→ How to complete this task: Each entry is to be retyped exactly as it appears, and each image is to be dropped.

Items listed in a dataset:
[Start of Attachment]
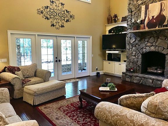 This beautiful custom home features a grand entry with beautiful double front doors, and 20 ft ceilings in the foyer and great room. Cozy up by the wood burning, stone fireplace or enjoy a large kitchen with high end appliances including an ice maker! The bottom floor also features a large master suite with separate tub and walk in shower with a huge closet. On the other side of the kitchen is a guest bedroom and bathroom. Upstairs houses 2 guest rooms with private bathrooms and an additional bedroom that is currently used for gaming. A walk in attic and work out room complete the upstairs space. The home also has beautiful landscaping and a lovely back porch and patio as well as a two car garage on a spacious 2.5 acre lot. You simply must see it for yourself! Call Sara to schedule an appointment today!
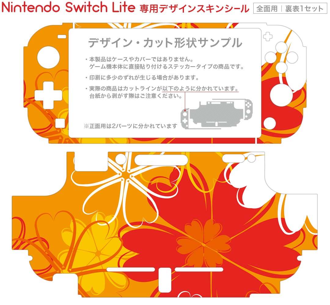 製品名 Nintendo Switch Lite専用 デザインスキンシール セット内容 Nintendo Switch Lite本体用スキンシール(裏表)各1枚 ※液晶側シールは2パーツに分かれていますニンテンドースイッチライト専用です。据え置き機のSwitch本体やJoyコンには対応していません。 商品特徴 3M社製の再剥離性シートを素材に採用し、細かな位置調整がしやすく貼り直しが容易です。また、エアフリーでもありますので気泡が簡単に逃げるので、キレイに貼ることができます。専用の業務プリンターを使い、商品画像と遜色のない美しい印刷仕上がり。 注意事項 画像はサンプルですので、ご覧の環境によっては多少色味に違いを感じる場合がございます。 イメージと違った、モニターと色味が異なるという理由での交換や返金はご対応出来かねます。スキンシールのみの販売で、ニンテンドースイッチ本体などは付属しません。シワができた場合、ドライヤーなどで軽く温め、外側に向けてシワを伸ばすように貼ってください。初回貼付時の位置調整や貼り直しは可能ですが、しっかりと押し付けて接着させた後の再剥離、再利用は保証しておりません。また接着部に油分や汚れが付着しますと角の部分は剥がれやすくなりますので、貼付時はあまり触れないようにご注意ください。無地のセミグロスシートにデザインをプリントした商品で、デコなどの加工はございません。 凹凸や光沢があるように見えたり布地や金属を素材にしたように見える商品もありますが、デザインの図版によるものです。印刷時に微妙な画像のズレが生じる場合がございます。ご注文後に1点1点制作する受注生産品の為、不良品以外のご返品や交換は固くお断りします。 商品発送 完全受注生産のハンドメイド商品となりますので、既製品と比べて発送までお時間を頂いています。 基本的に決済確認後2?3営業日、最大で10営業日での発送となります。繁忙期や休業日明けの場合はさらに時間がかかる場合があります。 その際には別途メールにてご連絡致します。メール便の場合、発送日から到着までに2?4日ほどかかる場合が多く、紛失などの保障もご対応できかねます。あらかじめご了承下さい。
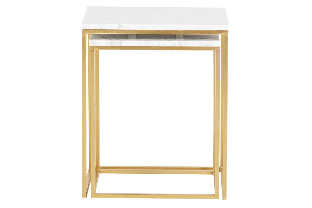 SET 2 MESAS NIDO METAL MARMOL 45x38x55 40x33x50 CM
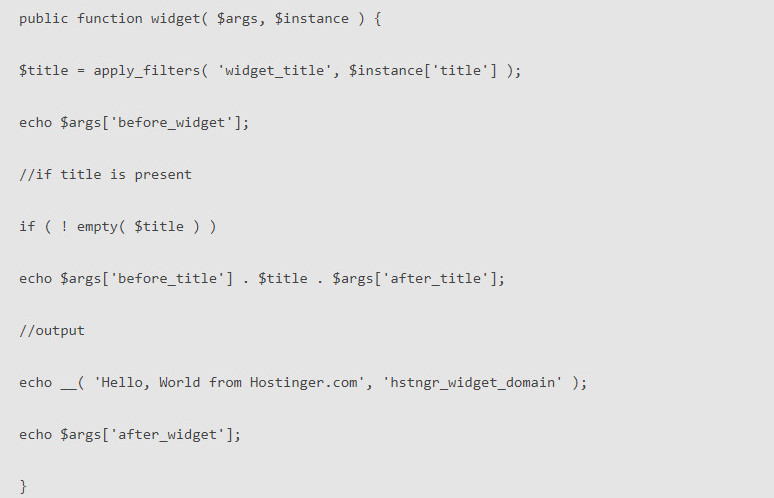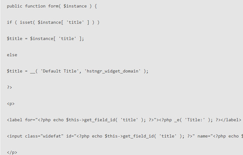 Ở đây, cấu hình đầu ra Widget sẽ hiển thị “Hello World” và hiển thị toàn bộ tiêu đề Widget theo yêu cầu của từng người dùng. Vì vậy, các bạn có thể bắt đầu lập trình cho Widget bằng cách sử dụng hàm form ().
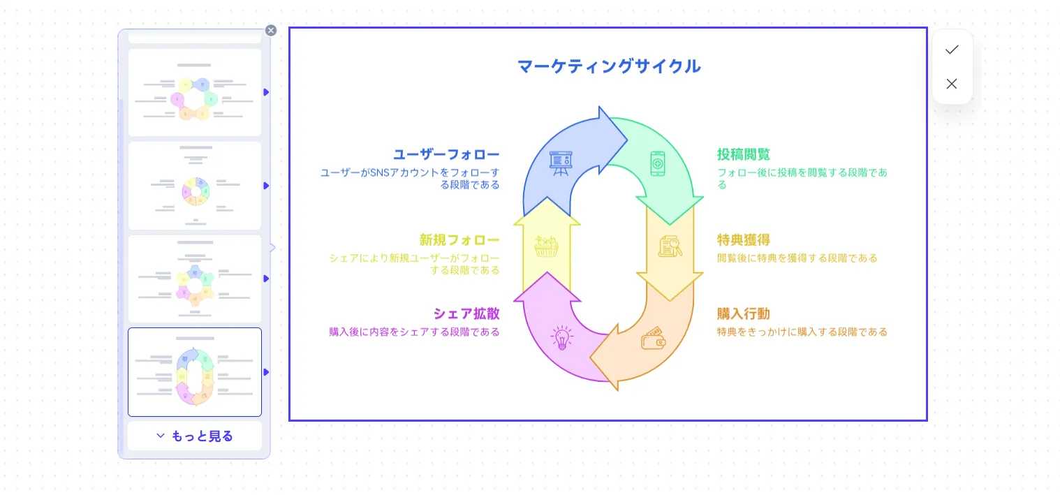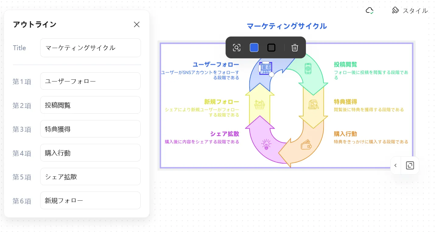 例:「マーケティングサイクル:ユーザーがSNSアカウントをフォロー → 投稿閲覧 → 特典獲得 → 購入 → シェア拡散 → 新規ユーザーのフォロー」
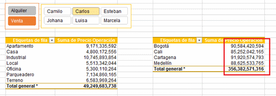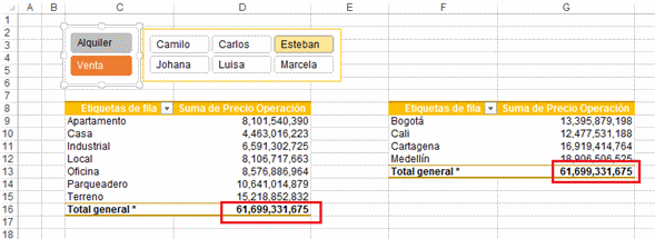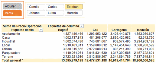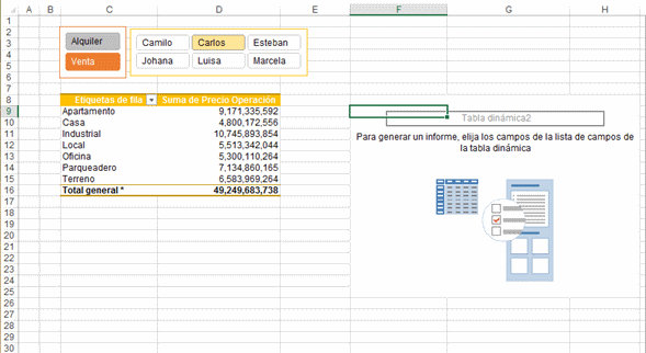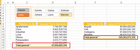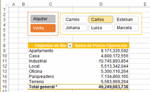 Adicionalmente tenemos dos cuadros de segmentación que corresponden a los campos Operación y Vendedor con los cuales se facilita demasiado la consulta de los datos de la tabla dinámica simplemente seleccionando cualquiera de las opciones de ambos cuadros de segmentación.
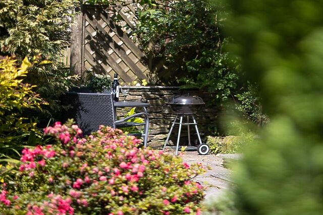 Outside, accessed via four steps from the kitchen/diner, is a private courtyard surrounded by pretty plants and shrubs. Relax here, looking out over the shared lawn, as you sip a glass of wine or fire up the BBQ for an al fresco supper.
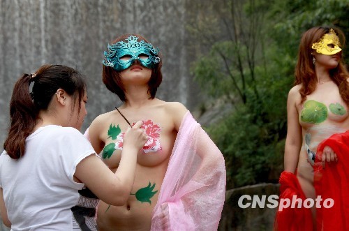 5月29日,在安徽黄山脚下的芙蓉谷景区首次上演“人体彩绘行为艺术情景秀”活动。中新社发 方也广德 摄
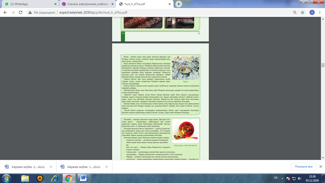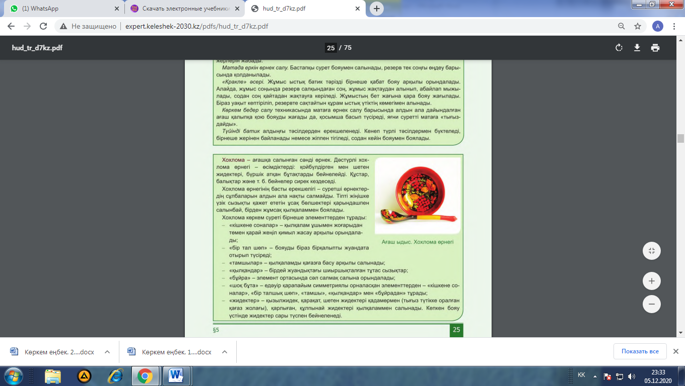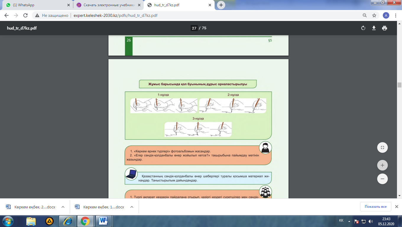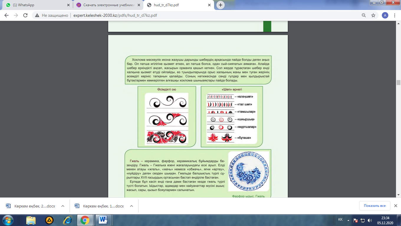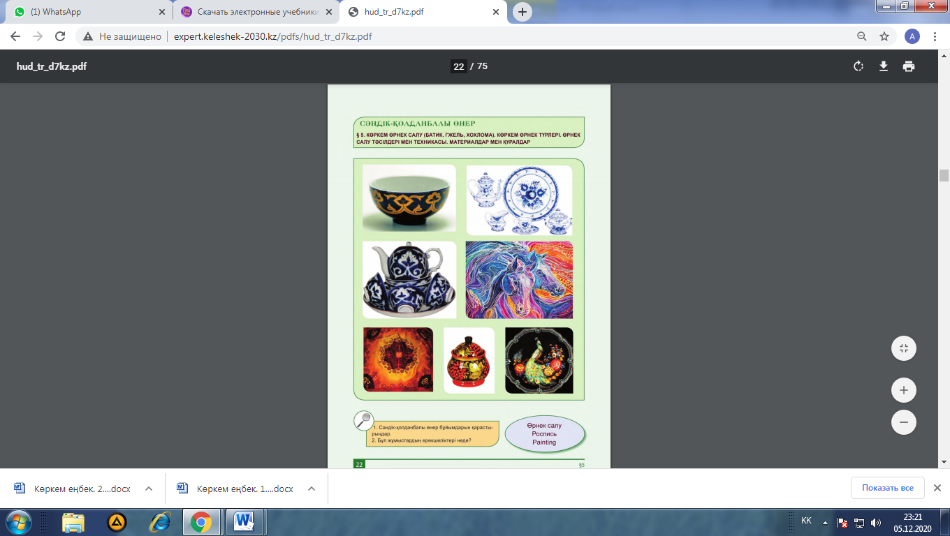 1-тапсырма: 1. Сәндік-қолданбалы өнер бұйымдарын қарастырады 2.Бұл жұмыстардың ерекшелігі неде сипаттайды.
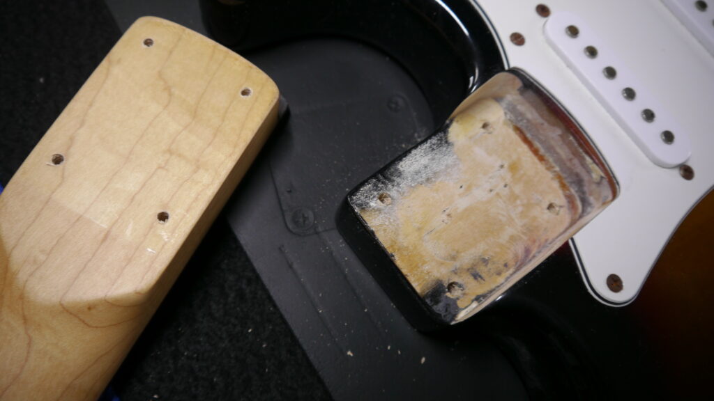 ノブ類を外すと、ピックガードの下(普段は見えない部分)にも汚れが見られました。
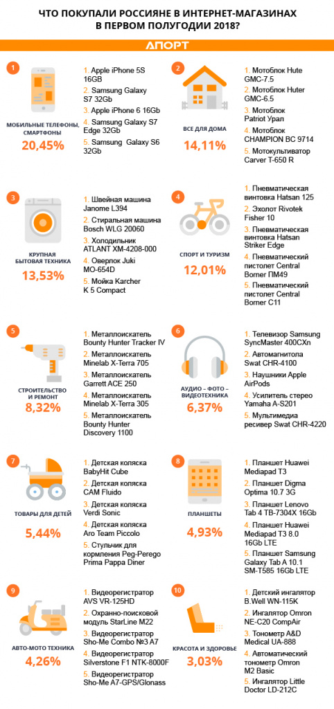 Сервис сравнения цен Aport.RU составил список самых популярных товаров, которые покупали россияне через онлайн в первом полугодии 2018 года. Для анализа были выбраны 10 самых популярных категорий и 5 самых популярных товаров в каждом из сегментов товаров.
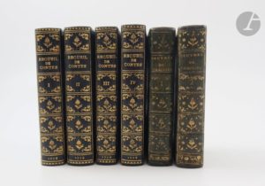 Deux coins légèrement émoussés, les ors sont par endroits effacés aux dos. Traces d'adhésifs sur les gardes. Mouillures claires à la fin du second volume.
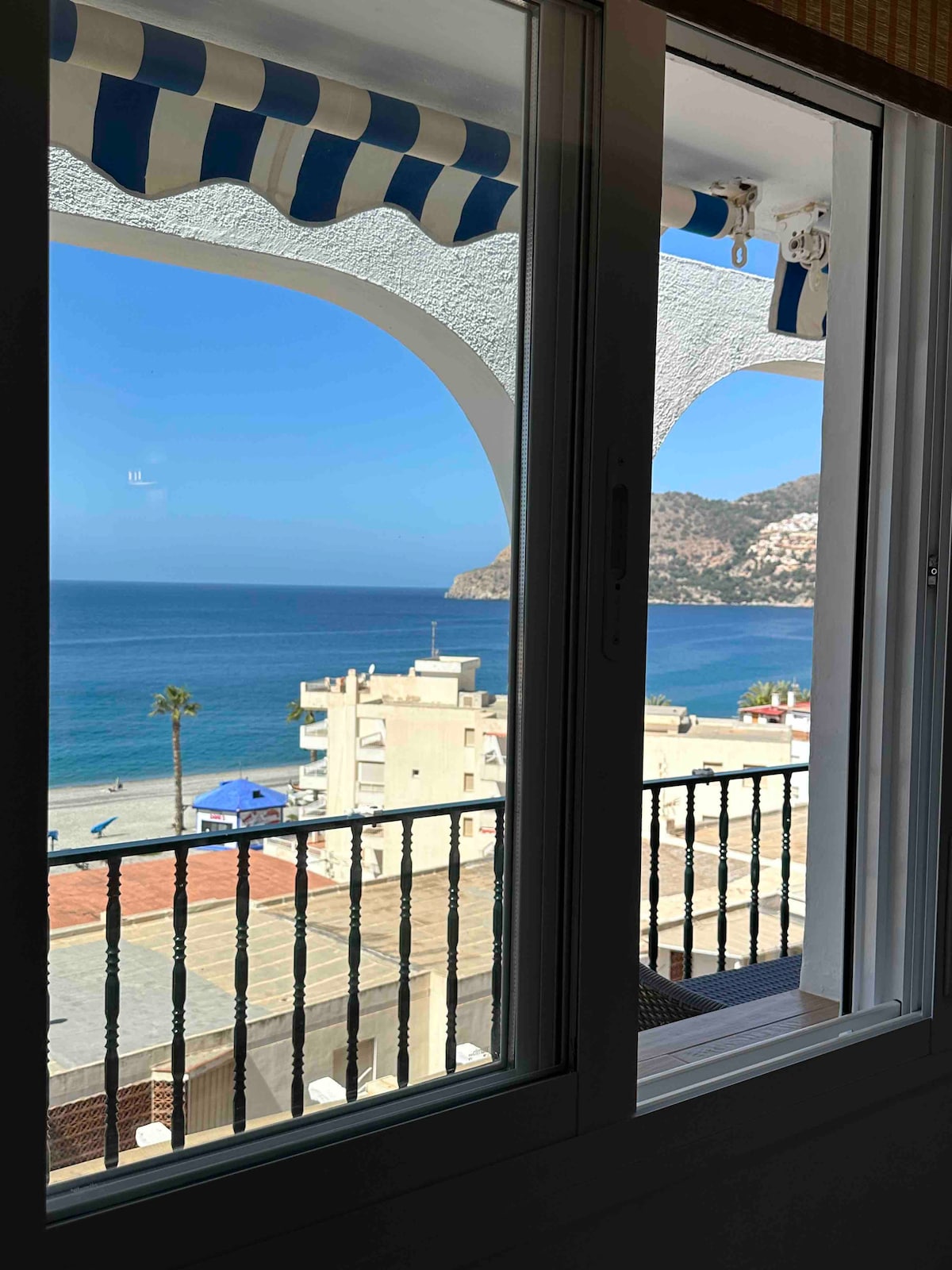 Apartemen tepi pantai yang indah dengan pemandangan Laut Mediterania yang fantastis, kolam renang komunitas di musim panas, parkir pribadi, wifi serat cepat, TV layar datar 50", AC, Almuñécar, Playa de Velilla, Costa Tropical, bangunan Intiyan. Semua layanan bisa ditempuh dengan berjalan kaki (supermarket, apotek, tukang daging, restoran, toko buah - buahan). Teras yang luas, ruang makan, dan dapur memiliki pemandangan pantai dan laut yang indah.
[End of Attachment]
→ Exercise answer:
 This beautiful custom home features a grand entry with beautiful double front doors, and 20 ft ceilings in the foyer and great room. Cozy up by the wood burning, stone fireplace or enjoy a large kitchen with high end appliances including an ice maker! The bottom floor also features a large master suite with separate tub and walk in shower with a huge closet. On the other side of the kitchen is a guest bedroom and bathroom. Upstairs houses 2 guest rooms with private bathrooms and an additional bedroom that is currently used for gaming. A walk in attic and work out room complete the upstairs space. The home also has beautiful landscaping and a lovely back porch and patio as well as a two car garage on a spacious 2.5 acre lot. You simply must see it for yourself! Call Sara to schedule an appointment today!
 製品名 Nintendo Switch Lite専用 デザインスキンシール セット内容 Nintendo Switch Lite本体用スキンシール(裏表)各1枚 ※液晶側シールは2パーツに分かれていますニンテンドースイッチライト専用です。据え置き機のSwitch本体やJoyコンには対応していません。 商品特徴 3M社製の再剥離性シートを素材に採用し、細かな位置調整がしやすく貼り直しが容易です。また、エアフリーでもありますので気泡が簡単に逃げるので、キレイに貼ることができます。専用の業務プリンターを使い、商品画像と遜色のない美しい印刷仕上がり。 注意事項 画像はサンプルですので、ご覧の環境によっては多少色味に違いを感じる場合がございます。 イメージと違った、モニターと色味が異なるという理由での交換や返金はご対応出来かねます。スキンシールのみの販売で、ニンテンドースイッチ本体などは付属しません。シワができた場合、ドライヤーなどで軽く温め、外側に向けてシワを伸ばすように貼ってください。初回貼付時の位置調整や貼り直しは可能ですが、しっかりと押し付けて接着させた後の再剥離、再利用は保証しておりません。また接着部に油分や汚れが付着しますと角の部分は剥がれやすくなりますので、貼付時はあまり触れないようにご注意ください。無地のセミグロスシートにデザインをプリントした商品で、デコなどの加工はございません。 凹凸や光沢があるように見えたり布地や金属を素材にしたように見える商品もありますが、デザインの図版によるものです。印刷時に微妙な画像のズレが生じる場合がございます。ご注文後に1点1点制作する受注生産品の為、不良品以外のご返品や交換は固くお断りします。 商品発送 完全受注生産のハンドメイド商品となりますので、既製品と比べて発送までお時間を頂いています。 基本的に決済確認後2?3営業日、最大で10営業日での発送となります。繁忙期や休業日明けの場合はさらに時間がかかる場合があります。 その際には別途メールにてご連絡致します。メール便の場合、発送日から到着までに2?4日ほどかかる場合が多く、紛失などの保障もご対応できかねます。あらかじめご了承下さい。
 SET 2 MESAS NIDO METAL MARMOL 45x38x55 40x33x50 CM
 Ở đây, cấu hình đầu ra Widget sẽ hiển thị “Hello World” và hiển thị toàn bộ tiêu đề Widget theo yêu cầu của từng người dùng. Vì vậy, các bạn có thể bắt đầu lập trình cho Widget bằng cách sử dụng hàm form ().
 例:「マーケティングサイクル:ユーザーがSNSアカウントをフォロー → 投稿閲覧 → 特典獲得 → 購入 → シェア拡散 → 新規ユーザーのフォロー」
 Adicionalmente tenemos dos cuadros de segmentación que corresponden a los campos Operación y Vendedor con los cuales se facilita demasiado la consulta de los datos de la tabla dinámica simplemente seleccionando cualquiera de las opciones de ambos cuadros de segmentación.
 Outside, accessed via four steps from the kitchen/diner, is a private courtyard surrounded by pretty plants and shrubs. Relax here, looking out over the shared lawn, as you sip a glass of wine or fire up the BBQ for an al fresco supper.
 5月29日,在安徽黄山脚下的芙蓉谷景区首次上演“人体彩绘行为艺术情景秀”活动。中新社发 方也广德 摄
 1-тапсырма: 1. Сәндік-қолданбалы өнер бұйымдарын қарастырады 2.Бұл жұмыстардың ерекшелігі неде сипаттайды.
 ノブ類を外すと、ピックガードの下(普段は見えない部分)にも汚れが見られました。
 Сервис сравнения цен Aport.RU составил список самых популярных товаров, которые покупали россияне через онлайн в первом полугодии 2018 года. Для анализа были выбраны 10 самых популярных категорий и 5 самых популярных товаров в каждом из сегментов товаров.
 Deux coins légèrement émoussés, les ors sont par endroits effacés aux dos. Traces d'adhésifs sur les gardes. Mouillures claires à la fin du second volume.
 Apartemen tepi pantai yang indah dengan pemandangan Laut Mediterania yang fantastis, kolam renang komunitas di musim panas, parkir pribadi, wifi serat cepat, TV layar datar 50", AC, Almuñécar, Playa de Velilla, Costa Tropical, bangunan Intiyan. Semua layanan bisa ditempuh dengan berjalan kaki (supermarket, apotek, tukang daging, restoran, toko buah - buahan). Teras yang luas, ruang makan, dan dapur memiliki pemandangan pantai dan laut yang indah.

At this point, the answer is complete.